> [TASK STATEMENT]
Go to the line with "帅领集成热水器顺应时代,G2" in the material below and copy from there through the line with "據統計,跨年活動或特殊節日連", exactly. Pictures are not copied.

> [DATA RECORDS]
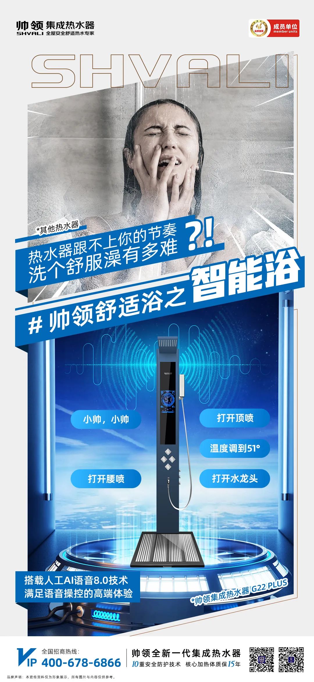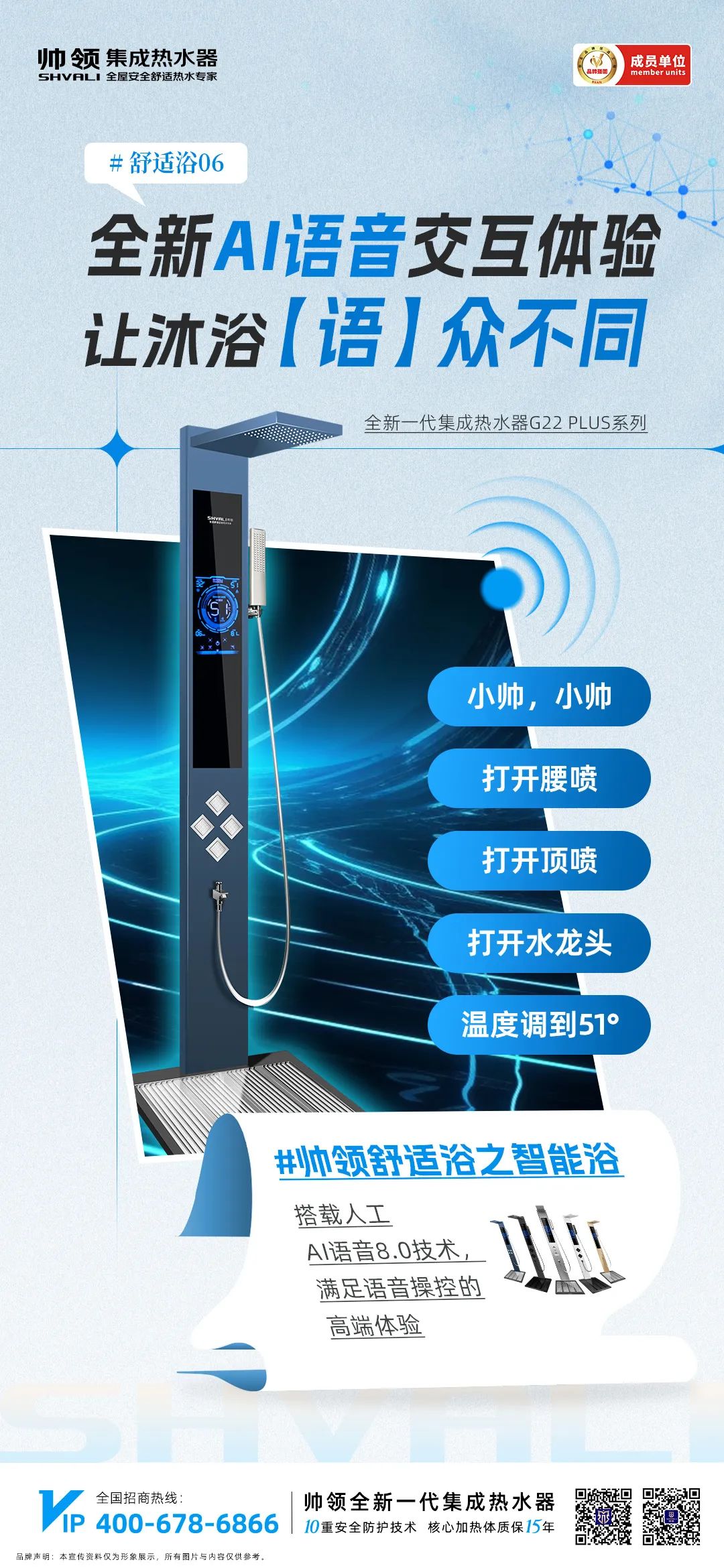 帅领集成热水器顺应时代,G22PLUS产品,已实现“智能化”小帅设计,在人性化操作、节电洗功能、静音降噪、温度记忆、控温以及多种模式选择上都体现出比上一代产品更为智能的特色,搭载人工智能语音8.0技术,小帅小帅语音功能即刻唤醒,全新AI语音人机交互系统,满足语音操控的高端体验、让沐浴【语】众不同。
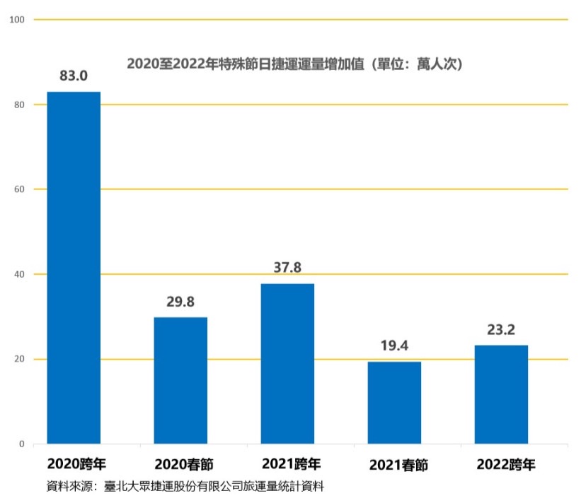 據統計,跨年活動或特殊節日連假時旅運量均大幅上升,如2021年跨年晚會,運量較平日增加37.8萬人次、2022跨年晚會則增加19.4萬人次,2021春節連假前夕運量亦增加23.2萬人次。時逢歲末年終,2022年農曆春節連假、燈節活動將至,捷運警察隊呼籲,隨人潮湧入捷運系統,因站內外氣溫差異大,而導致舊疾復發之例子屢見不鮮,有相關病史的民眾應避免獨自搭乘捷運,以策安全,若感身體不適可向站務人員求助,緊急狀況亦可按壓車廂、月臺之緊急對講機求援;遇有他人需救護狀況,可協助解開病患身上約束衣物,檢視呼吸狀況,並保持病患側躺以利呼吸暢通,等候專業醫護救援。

---

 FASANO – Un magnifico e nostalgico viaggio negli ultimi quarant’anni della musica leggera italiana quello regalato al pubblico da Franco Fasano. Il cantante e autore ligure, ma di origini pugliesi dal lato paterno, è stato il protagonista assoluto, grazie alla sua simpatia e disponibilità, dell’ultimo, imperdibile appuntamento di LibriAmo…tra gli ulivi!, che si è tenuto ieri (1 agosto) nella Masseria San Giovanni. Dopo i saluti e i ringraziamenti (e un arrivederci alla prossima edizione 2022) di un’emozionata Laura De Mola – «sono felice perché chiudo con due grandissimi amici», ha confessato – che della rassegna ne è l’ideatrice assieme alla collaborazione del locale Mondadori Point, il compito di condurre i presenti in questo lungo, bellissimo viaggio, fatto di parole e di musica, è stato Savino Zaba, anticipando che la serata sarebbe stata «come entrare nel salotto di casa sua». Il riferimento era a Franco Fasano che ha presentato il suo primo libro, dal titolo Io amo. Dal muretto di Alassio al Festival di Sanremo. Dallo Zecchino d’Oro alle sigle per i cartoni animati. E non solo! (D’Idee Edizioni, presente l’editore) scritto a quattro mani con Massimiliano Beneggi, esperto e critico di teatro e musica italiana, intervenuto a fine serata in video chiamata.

> [RESPONSE TO THE TASK]
 帅领集成热水器顺应时代,G22PLUS产品,已实现“智能化”小帅设计,在人性化操作、节电洗功能、静音降噪、温度记忆、控温以及多种模式选择上都体现出比上一代产品更为智能的特色,搭载人工智能语音8.0技术,小帅小帅语音功能即刻唤醒,全新AI语音人机交互系统,满足语音操控的高端体验、让沐浴【语】众不同。
 據統計,跨年活動或特殊節日連假時旅運量均大幅上升,如2021年跨年晚會,運量較平日增加37.8萬人次、2022跨年晚會則增加19.4萬人次,2021春節連假前夕運量亦增加23.2萬人次。時逢歲末年終,2022年農曆春節連假、燈節活動將至,捷運警察隊呼籲,隨人潮湧入捷運系統,因站內外氣溫差異大,而導致舊疾復發之例子屢見不鮮,有相關病史的民眾應避免獨自搭乘捷運,以策安全,若感身體不適可向站務人員求助,緊急狀況亦可按壓車廂、月臺之緊急對講機求援;遇有他人需救護狀況,可協助解開病患身上約束衣物,檢視呼吸狀況,並保持病患側躺以利呼吸暢通,等候專業醫護救援。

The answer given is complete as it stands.